My next question is related to the interest in divestments. We've been seeing in markets private equity companies having a hard time coming to market or exiting deals. So since you've started this transformation and said [indiscernible] plus assets would be for sale, how has the interest for these assets changed and the outlook for you change? Are you seeing interest in these assets going currently?
And the last one is related to the regulation in Germany. The dividend aspects of this rate was discussed a lot. But I believe there's also a bonus perspective to it. Does this regulation prevent you from paying the management incentives. And if it does, what would your stance towards this? Like can you make it up somehow and keep management motivated?
Yes. I'll try to start. I'm not quite sure whether I have everything would happen in the past in terms of write-offs in Lat Am, I'm not aware of this one. First thing is interesting. Now it's 5-plus assets. I set a handful of assets on February 22. The second thing on Lat Am it is important to understand what I mentioned is not Lat Am. It is 2 separate countries. And also the nature of the makeup is different. As I said, in Colombia, it's more it's a whole array of hospitals, and it's more kind of like a platform-ish kind of business. And therefore, it is different to what we had in Peru where it was a very attractive hospital, but we had a majority stake.
So we exited that one. That is correct. And what can I say? The deal parameters are actually very nice. We roughly -- I mean, we can say we have a double-digit proceeds coming into the company, and we created value over the course of our ownership. Again, Colombia is something different. Then on the dividends, yes, you're correct with the fine print, whatever you decide. This dividend is also tied to the bonus that this is nothing we have to decide. This is something the Supervisory Board usually decides how to deal with our bonus.
But what I'm trying to say is we are making a decision with the key parameter in mind that we are going to decide what is the best in the interest of shareholder. Any write-offs I'm not aware of the write-offs? No. If not, then if you could call up Markus and the team and then they can come back to you.
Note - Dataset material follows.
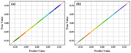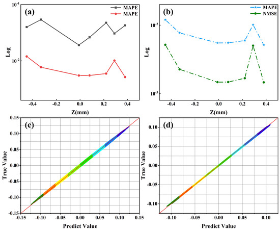 Considering that the statistical criterion itself does not reflect the difference between the predicted and true values, we calculate the distribution of the predicted and true values of the electric field, as illustrated in Figure 6c,d. The horizontal axis represents the predicted value of the electric field, while the vertical axis depicts the true value of the electric field. If the points are situated on the diagonal line, it can be concluded that the predicted value is equal to the true value. As illustrated in the figures, the points are concentrated on both sides of the diagonal line, which indicates the accuracy of the model’s predictions.

Happy to. And interest in divestments, any change in appetite for the assets?
I mean if you have attractive assets, you will have interest, but it always depends on the counterparty. The environment is the environment for -- probably for financial sponsors, it's a little heavier with higher interest rates if somebody has a strategic interest that depends. I mean every -- and this is why it also takes the time it takes. Every deal is different. Every deal needs to be prepared with documents, vendor due diligence and so on and so forth. And then depending on what the asset is, we need to also prepare everything, talk to counterparties if synergies are involved, obviously, there is deep dive discussions, and that's why I said 12 to 18 months. But I also want to put out the notion we are progressing with other deals in the pipeline.
Ladies and gentlemen, that was the last question. I would now like to turn the conference back over to Markus Georgi for any closing remarks.
Thanks, Andrea. Many thanks for your attention and joining today's conference call. If there are any further questions or open topics we'd like to discuss, please contact the IR team. With that, thank you, and goodbye.
We want to thank Fresenius and all the participants for taking part on this conference call. Goodbye.